Wenn ich etwas einsehe, binde ich dem anderen nicht auf die Nase, dass ich nie wieder mein Maul aufmachen werde. Normal ist das nicht. Ich würde vielmehr durchblicken lassen, dass ich durch die Auseinandersetzung etwas gelernt habe und dass ich die klare Reaktion keinesfalls zum Anlass nehmen werde, mich zu dem Thema niemals wieder zu äußern. Deine Ansage: "Habe auch kein Recht überhaupt meine Kommentare abzugeben und werde es auch nicht mehr tun" ist in meinen Augen viel zu devot und unterwürfig und ist als Einladung geeignet, mich als brutalen, herrschsüchtigen Tyrannen anzusehen. Diese Ansage ist natürlich von einer schwachen "Pilgerin des Schmalenweges" geäußert besonders wirkungsvoll.

Also übertreibe nicht. Ich steinige niemanden und peitsche auch niemanden von diesen Seiten weg. Nur da, wo Lüge zum Tragen kommen soll, stelle ich den Fuß auf den Rattenschwanz.

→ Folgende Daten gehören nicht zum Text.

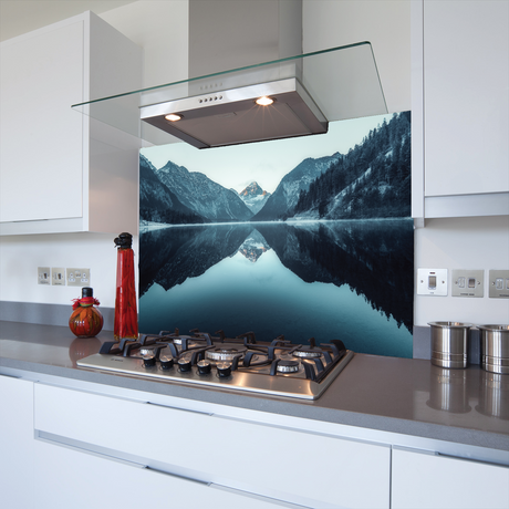 Lake & Mountains Toughened Glass Kitchen Splashback - Adhesive Included

Korrekt wäre gewesen, die Bereitschaft anzudeuten, unzulässige Verallgemeinerungen in Zukunft möglichst sein zu lassen. Aber direkt eine Arme-kleine-eingeschüchterte-Frau-Demo aufzulegen, finde ich verdächtig.

Wie gesagt, achte lieber auf Jesus. Mir gegenüber brauchst Du keine Rechenschaft abzulegen. [RH]
05
Hallo Rüdiger,

ich bewundere deinen Mut und deine Entschlossenheit, dem wahren Gott und Widersacher, der sich hinter der Wachtturmfassade versteckt, die Stirn zu bieten. Ich muss ganz ehrlich zugeben, dass deine Art und Weise, den Zeugen Jehovas zu begegnen, bei mir einen gewissen Enthusiasmus ausgelöst hat.

Ich habe auch dem Wachtturm-Jehova gedient und irgendwann spüren müssen, wie es ist, wenn man die Lehren, die einem vom treuen und verständigen Sklaven immer wieder aufgetischt werden, anzweifelt, hinterfragt und eigenständige Überlegungen und Schlussvolgerungen zu Tage bringt.

Jürgen [29.05.2014]
06
Hallo Jürgen,

diese merkwürdige Halbseidenheit der Wachtturm-Lehre und der Schriften der Wachtturm-Gesellschaft spürt wahrscheinlich jeder Leser direkt unter der Haut. Jemand, der nicht auf das Heil in einer irdischen Organisation anspringt, wird seine Skepsis auch nicht verlieren oder verdrängen können. Die unmittelbare Bedrohung durch die Wachtturm-Schriften kommt durch das Undurchschaubare in ihrem Inhalt. Je mehr man davon durchschaut, desto harmloser werden die Texte. Man erkennt zunehmend das Gekünstelte, Fingierte. Nur die gefühlte Bedrohung bleibt, die man sich ausrechnen kann für Menschen, die so etwas für bare Münze nehmen. Und das tut weh. Die Wachtturm-Gesellschaft erreicht viele einfache Menschen, die es nicht verdient haben, so hochgenommen zu werden. Nur weil sie dumm genug sind, das Heil in einer irdischen Organisation zu vermuten oder für möglich zu halten, werden sie nach Strich und Faden ausgebeutet und über den Leisten gezogen.

Nicht dass ich nicht dümmer wäre als sie, aber ich habe Jesus ziemlich lange vor der ersten Konfrontation mit den Zeugen Jehovas (1895) kennenlernen dürfen und bin darüber sehr froh. Wer zu einem persönlichen Ja zu Jesus fähig ist, kann durch Irrlehren nicht mehr erfolgreich angegriffen werden. Das muss ich zum Lobe Jesu sagen.